Background

Python provides a standard interface for open files, so that alternate implementations of file-like object can work seamlessly with many function which rely only on the methods of that standard interface. A number of libraries have implemented a similar concept for file-systems, where file operations can be performed on a logical file-system which may be local, structured data store or some remote service.

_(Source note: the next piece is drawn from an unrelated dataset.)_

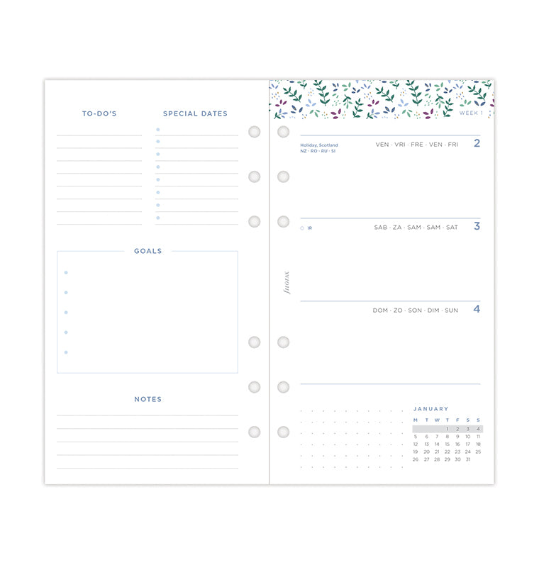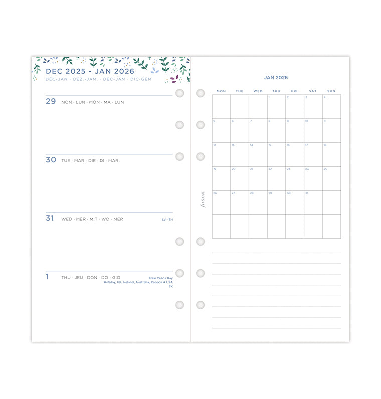 Plan ahead in our diary refill from the Garden Collection. This blooming floral Personal refill offers a horizontal week to view layout with beautiful design accents for inspiring creativity and joy. Features a “Belongs to" page designed for adding a personal touch. Calendars of the current and next years are included to give you the chance to plan ahead, while the friendly dashboard pages invite the beginning of a new month. Discover the “Big Plans" section with dotted pages for monthly goals. At the end of the diary, you can also find dotted and ruled pages, perfect for your notes and doodles.
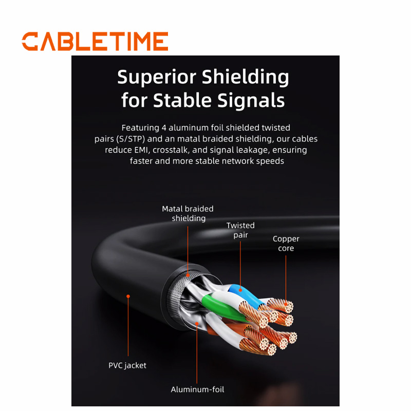 Con 4 pares retorcidos de aluminio blindado (S/STP) y blindaje trenzado de metal, este cable reduce significativamente EMI, diafonía y fuga de señal. Esto garantiza velocidades de red más rápidas y estables, incluso en entornos de alta interferencia.

This repository is intended to be a place to define a standard interface that such file-systems should adhere to, such that code using them should not have to know the details of the implementation in order to operate on any of a number of backends. With hope, the community can come together to define an interface that is the best for the highest number of users, and having the specification, makes developing other file-system implementations simpler.

History

We have been involved in building a number of remote-data file-system implementations, principally in the context of the Dask project. In particular, several are listed in docs with links to the specific repositories. With common authorship, there is much that is similar between the implementations, for example posix-like naming of the operations, and this has allowed Dask to be able to interact with the various backends and parse generic URLs in order to select amongst them. However, some extra code was required in each case to adapt the peculiarities of each implementation with the generic usage that Dask demanded. People may find the code which parses URLs and creates file-system instances interesting.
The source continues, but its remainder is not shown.